Imagine if peace were as ubiquitous as flip flops?
Flip flops are my footwear of choice, maybe yours as well. Simple, easy to put on, comfortable and easy to care for. What’s not to like? Perhaps you even wear them to make some form of sartorial statement.
How about wearing flip flops to make a political statement, and maybe even help change the focus in war zones from conflict to prosperity?
Let me introduce you to Combat Flip Flops and the Unarmed Forces.
“Each day brings tragic events. Decades of radicalism fueled by ignorance create indifference and helplessness. The cycle of violence and injustice continues. As humans, we should have figured this out by now. Can it change?
We felt the same way too. Asked the same question. As business leaders, we listened to the rhetoric, and saw the hypocrisy. As special operations veterans, we ‘defended our freedom,’ and discovered the wars went against everything we hoped for. Through understanding and compassion, we found a new path forward–a mechanism of change.”
It started when I read about them somewhere online. As a veteran, reading about a veteran-owned business caught my attention. Vet’s make flops, I’m in. So, I order a pair of Floperators. They are adorned with this credo: “slow is smooth and smooth is fast.”
As a veteran, I have been asked: “what do you think about war?” I respond with “what do you think about cancer?” Now here is a company making flip flops, shemaghs and other cool stuff that cops to the attitude that wars are stupid.
“As a species, we have been repeating this insane habit of putting little metal projectiles into one another as a method of foreign policy because our leaders can’t figure out how to do their job. Then they sell it to us as an honorable, massive achievement after we spend trillions of dollars putting ourselves in the same position to do it all over again. Wasting human potential and natural resources through the entire process. When you say it out loud, the absurdity of war should be apparent.”

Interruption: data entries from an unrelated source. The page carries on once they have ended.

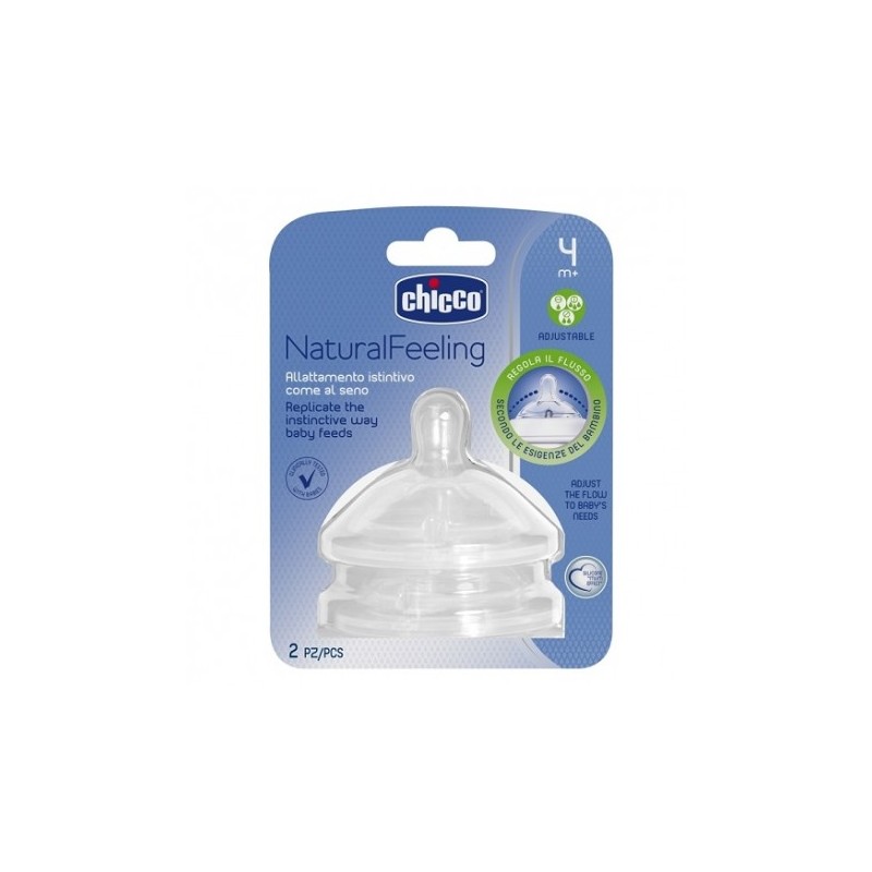 Chicco Natural Feeling Tetina Flujo Regulable 4m+ 2 uds se han diseñado para seguir el desarrollo de la boca de su bebé y la forma de comer. Están equipados con una válvula anticólicos que regula el flujo de aire en la botella y evita el riesgo de cólicos, hipo y regurgitación.
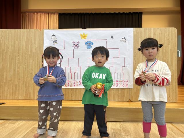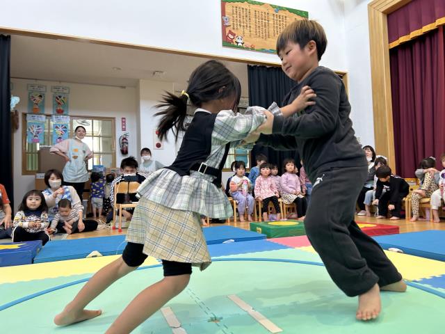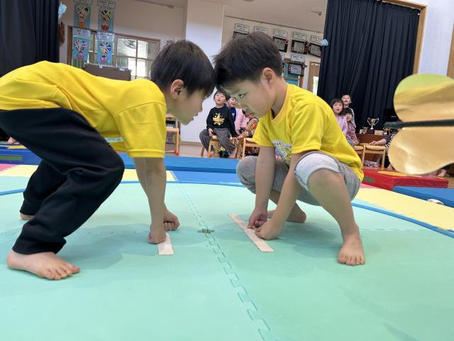 | 毎年恒例のお相撲大会が開かれました。未満児部門、以上児部門に分かれ、この日まで頑張って練習してきた力を存分に発揮する日でした。年齢が上がるにつれて、子ども同士の熱い戦いが繰り広げられ、勝って喜ぶ子、負けて泣いて悔しがる子…様々でしたが、最後まで頑張って参加することができました。 | ||
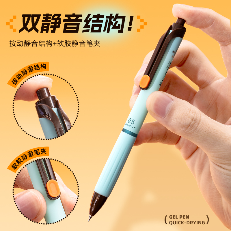 晨光静音笔特别好写AGPK3301静音中性笔刷题笔按动笔ST笔头速干碳素黑笔初中生考试专用大墨王笔芯无声按动笔
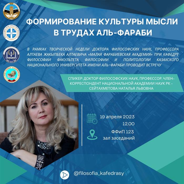 В рамках творческой недели посвященной 75-летию доктора философских наук, профессора Алтаева Жакыпбека Алтаевича «Малая фарабиевская академия» при кафедре философии факультета философии и политологии Казахского национального университета имени аль-Фараби проводит встречу при участии доктора философских наук, профессора, член-корреспондента НАН РК - Сейтахметовой Натальи Львовны на тему "Формирование культуры мысли в трудах аль-Фараби" для изучения наследия великого мыслителя. Встреча состоится 19 апреля в 12:00 в 123 зале заседаний факультета философии и политологии.
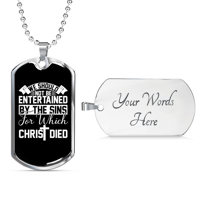 Christ Died Necklace Stainless Steel or 18k Gold Dog Tag 24" Chain
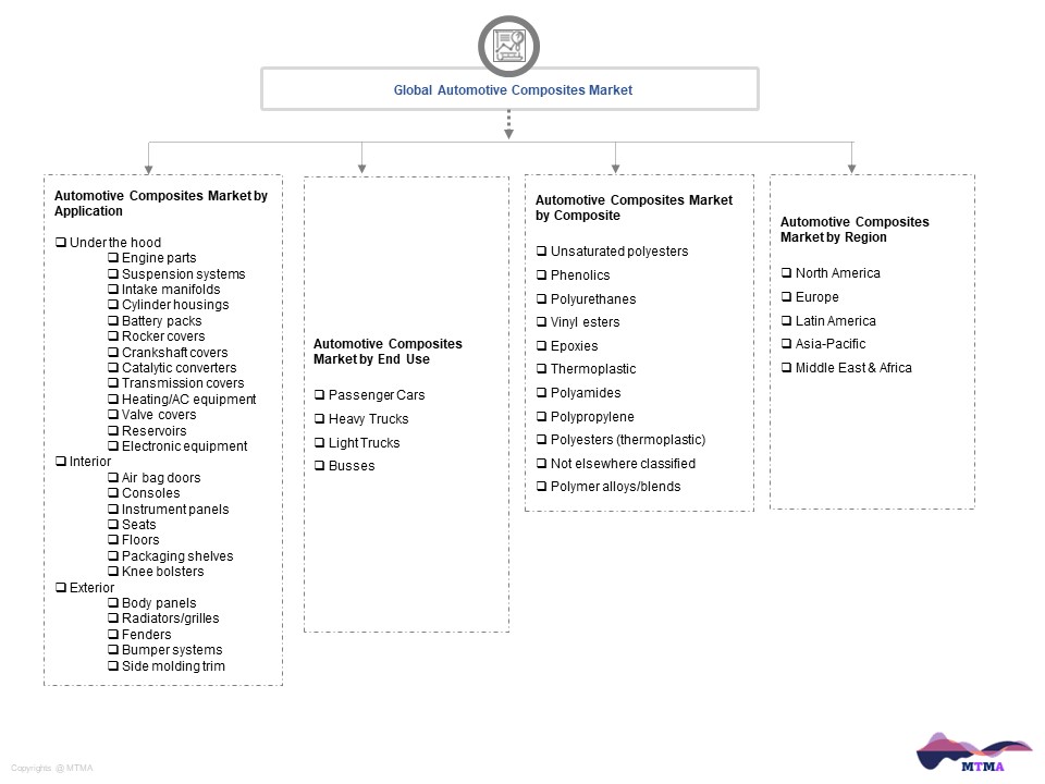 - Based on End Use, the Global Automotive Composites market is segmented into
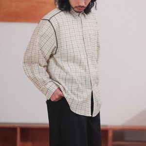 ブラックチェック ステッチデザイン ワイドフォルムシャツ a-1281
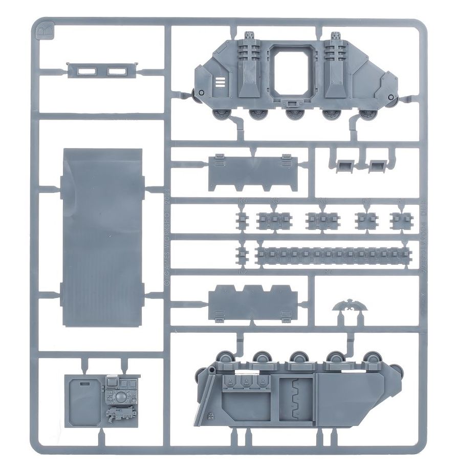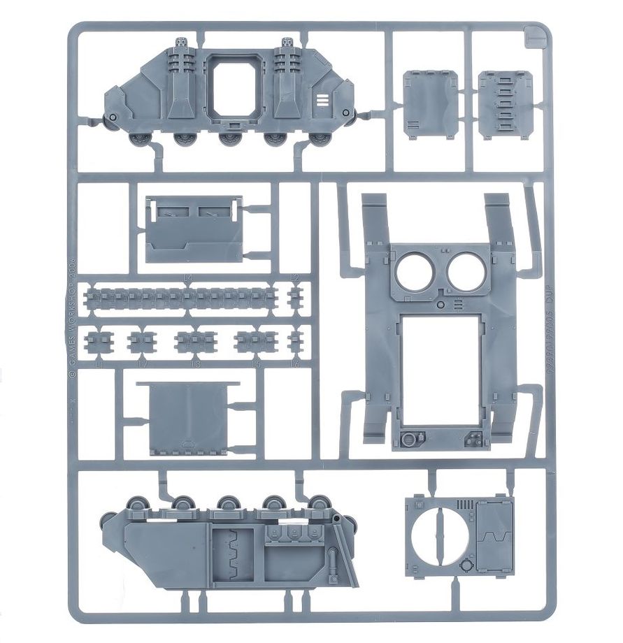 The kit comes with a wealth of optional extras including a filigreed glacis plate, arched viewing ports and a hunter-killer missile. It also features a fully-detailed interior, with a communications array and boltgun on arming rack, and an optional Sororitas driver/gunner.
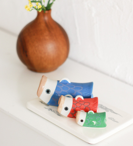 磁器ならではのやさしい風合いが魅力の、こいのぼりオブジェ。
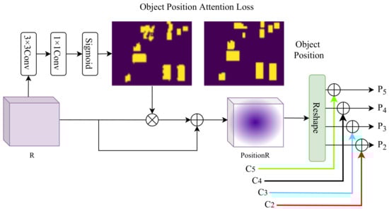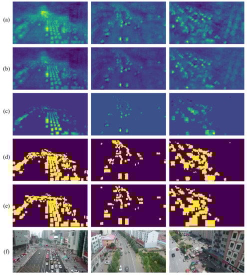 For supervised training, the cross-entropy loss between the one-channel feature map and the binary mask is utilized to compute the object position attention loss. Due to the lack of mask annotation for high-precision object positions in UAV images, we assign the value of 1 to all the pixels inside the ground-truth bounding box and 0 for all other pixels to obtain the object position mask, as shown in Figure 5. Regardless of annotations for objects’ categories, all the value of the pixels inside the ground-truth bounding boxes in an image have the value of 1 to highlight the foreground regions.

These cats articulated my worldview and even better were putting products out that walked the talk. They earned my money, and I was proud to join the Unarmed Forces.”
This winter they published Steps Ascending: Rise of the Unarmed Forces. Griffin and Lee, the authors, take you behind the scenes to tell the tale of how they used their special operations training to launch Combat Flip Flops. Even better, they help answer this question they pose in the foreword:
“What if funding for schools in the most deserving and necessary parts of the world could come directly from or be supplemented by for-profit business? What if part of that business model simultaneously activated that same underutilized workforce?”
I promise you that answer is there, and it is worth the read to discover it.
So when you see me wearing floperators or a CFF shemaugh, now you know why.